- [Records supplied]
========
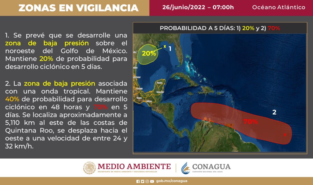 Pronóstico del clima para hoy domingo 26 de junio en Quintana Roo. Este día, la tormenta tropical “Celia” continuará alejándose del territorio mexicano, sin embargo, sus bandas nubosas ocasionarán lluvias puntuales fuertes, descargas eléctricas, rachas de viento y oleaje elevado de 1 a 2 metros en costas de Baja California Sur.
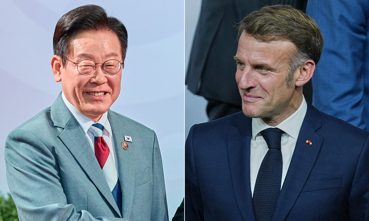 이재명 대통령(왼쪽), 에마뉘엘 마크롱 프랑스 대통령. 연합뉴스·AFP연합뉴스
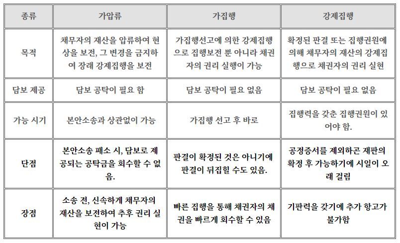 가압류, 가집행, 강제집행의 차이는?
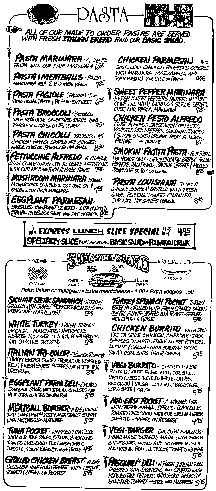 Note: This is menu from mid 1996.
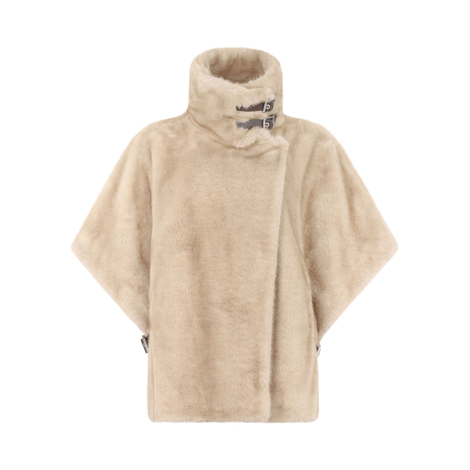 Pinko Light Beige High Neck Cape Coat. Light beige high neck cape coat with short sleeves, concealed fastening and welt pockets.
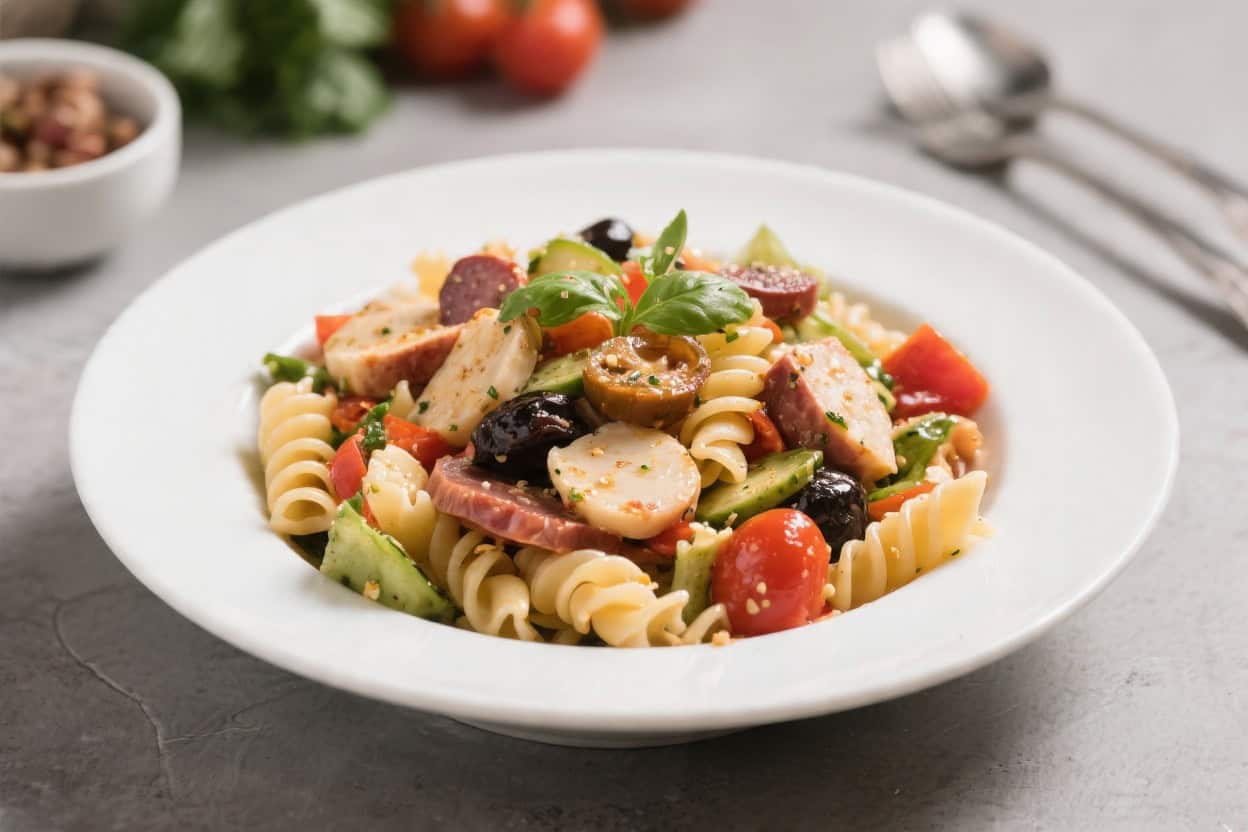 Final presentation: Beautifully plated Italian Antipasto Pasta Salad in a wide, low white ceramic bo
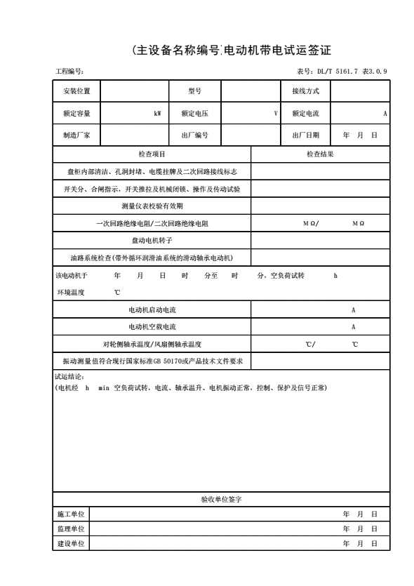 表3.0.9 (主设备名称编号)电动机带电试运签证
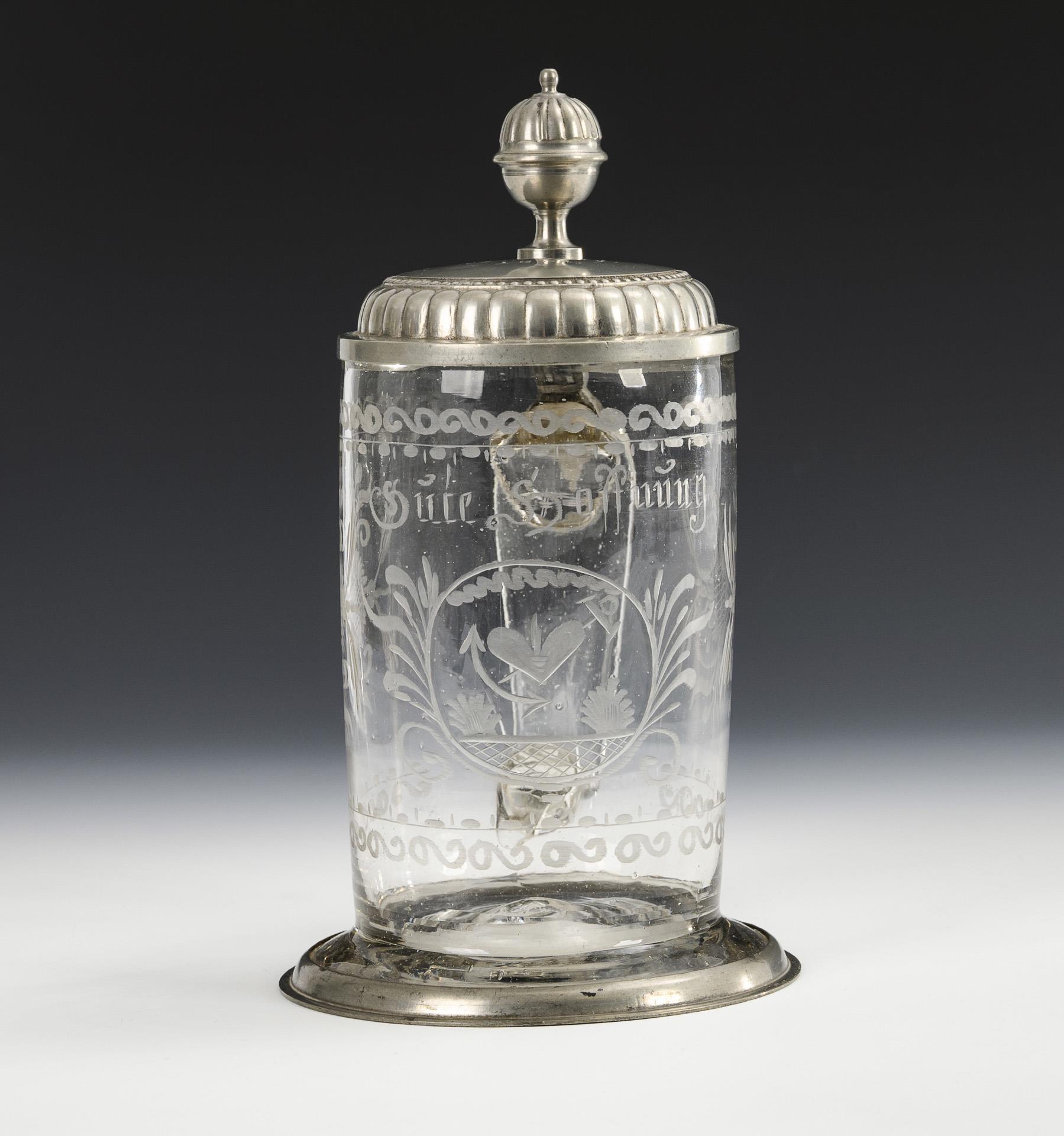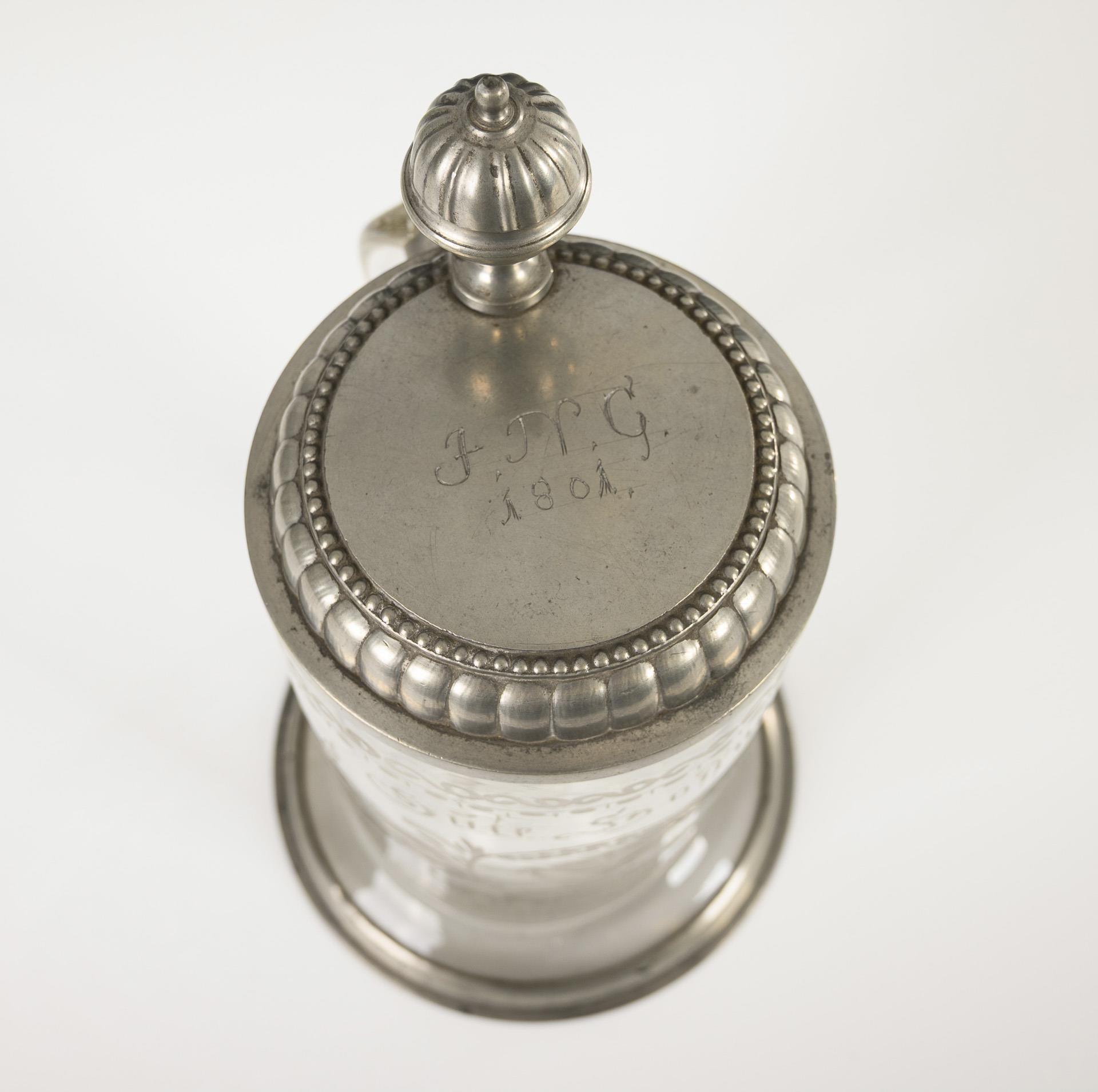 Walzenkrug mit ausgestelltem, zinnmontiertem Stand, Bandhenkel und zinnmontiertem Scharnierdeckel mit der Gravur "J. N. G. 1801.". Graviert mit Symbolen (Anker, Herz) und der Bezeichnung "Gute Hoffnung". 2 Spannungsrisse am unteren Henkelansatz.
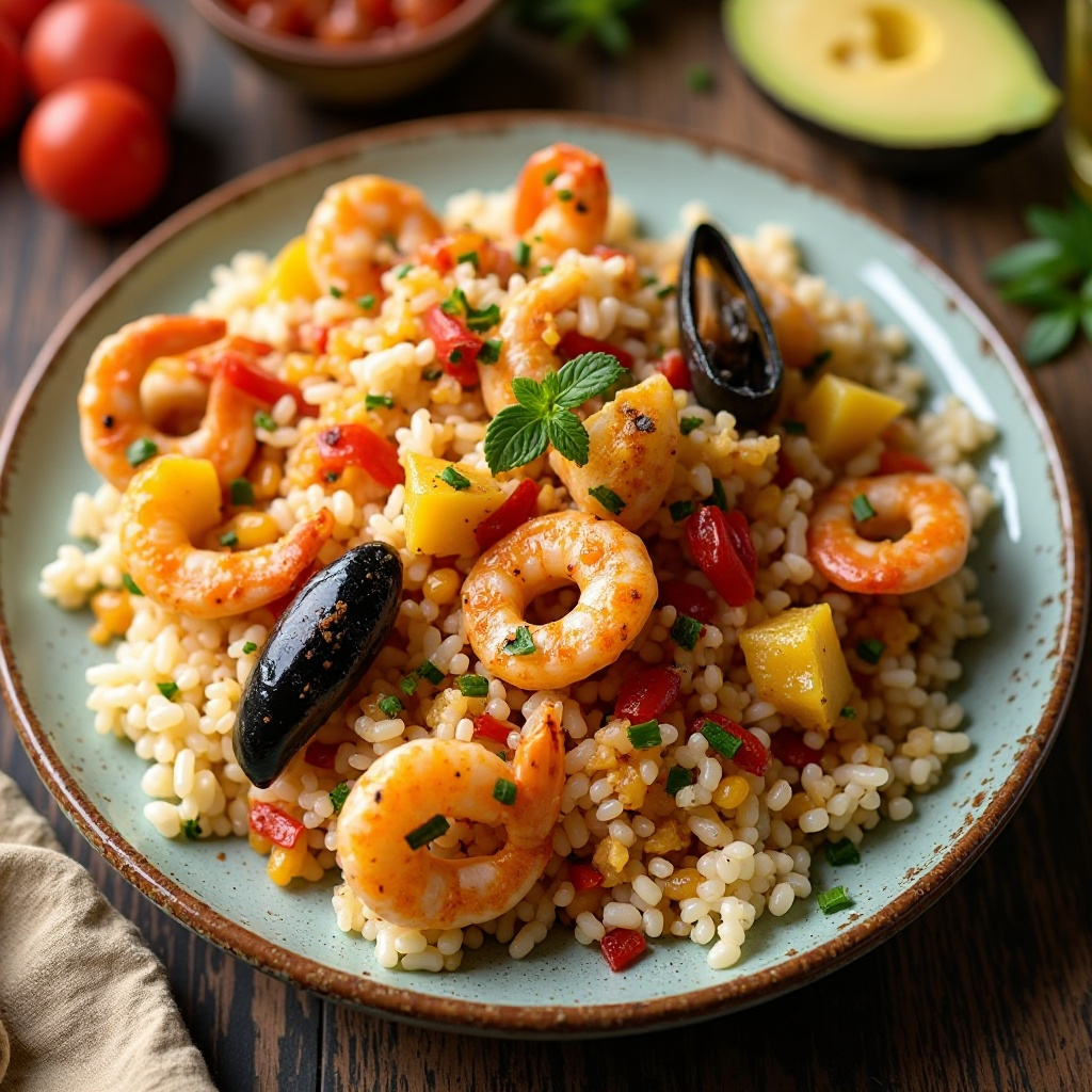 Este plato es rico en proteínas y contiene una variedad de nutrientes esenciales provenientes de los mariscos. El uso de especias como el comino y el pimentón puede proporcionar beneficios adicionales debido a sus propiedades antioxidantes. Asegúrate de elegir mariscos frescos para garantizar la mejor calidad nutricional y sabor.
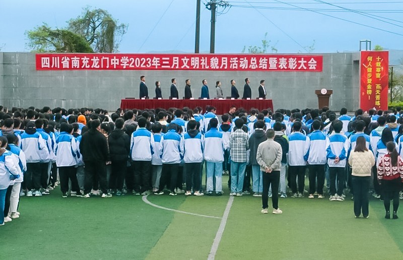 为进一步巩固学校“三月文明礼貌月”系列活动有效成果,弘扬雷锋精神,强化文明意识,持续推动学校学生养成良好的行为习惯和文明礼仪,4月3日,四川省南充龙门中学在田径运动场隆重举行“三月文明礼貌月”活动总结暨表彰大会。学校副校长张洪波、工会主席万彩霞及相关科室干部出席了大会,全体班主任以及全体同学参加了大会。
========
- [What this task involves]
Output nothing except the lines from the one containing "Note: This is menu from mid 1996." through the final line of the entries, repeated exactly and free of pictures.

- [Exercise solution]
 Note: This is menu from mid 1996.
 Pinko Light Beige High Neck Cape Coat. Light beige high neck cape coat with short sleeves, concealed fastening and welt pockets.
 Final presentation: Beautifully plated Italian Antipasto Pasta Salad in a wide, low white ceramic bo
 表3.0.9 (主设备名称编号)电动机带电试运签证
 Walzenkrug mit ausgestelltem, zinnmontiertem Stand, Bandhenkel und zinnmontiertem Scharnierdeckel mit der Gravur "J. N. G. 1801.". Graviert mit Symbolen (Anker, Herz) und der Bezeichnung "Gute Hoffnung". 2 Spannungsrisse am unteren Henkelansatz.
 Este plato es rico en proteínas y contiene una variedad de nutrientes esenciales provenientes de los mariscos. El uso de especias como el comino y el pimentón puede proporcionar beneficios adicionales debido a sus propiedades antioxidantes. Asegúrate de elegir mariscos frescos para garantizar la mejor calidad nutricional y sabor.
 为进一步巩固学校“三月文明礼貌月”系列活动有效成果,弘扬雷锋精神,强化文明意识,持续推动学校学生养成良好的行为习惯和文明礼仪,4月3日,四川省南充龙门中学在田径运动场隆重举行“三月文明礼貌月”活动总结暨表彰大会。学校副校长张洪波、工会主席万彩霞及相关科室干部出席了大会,全体班主任以及全体同学参加了大会。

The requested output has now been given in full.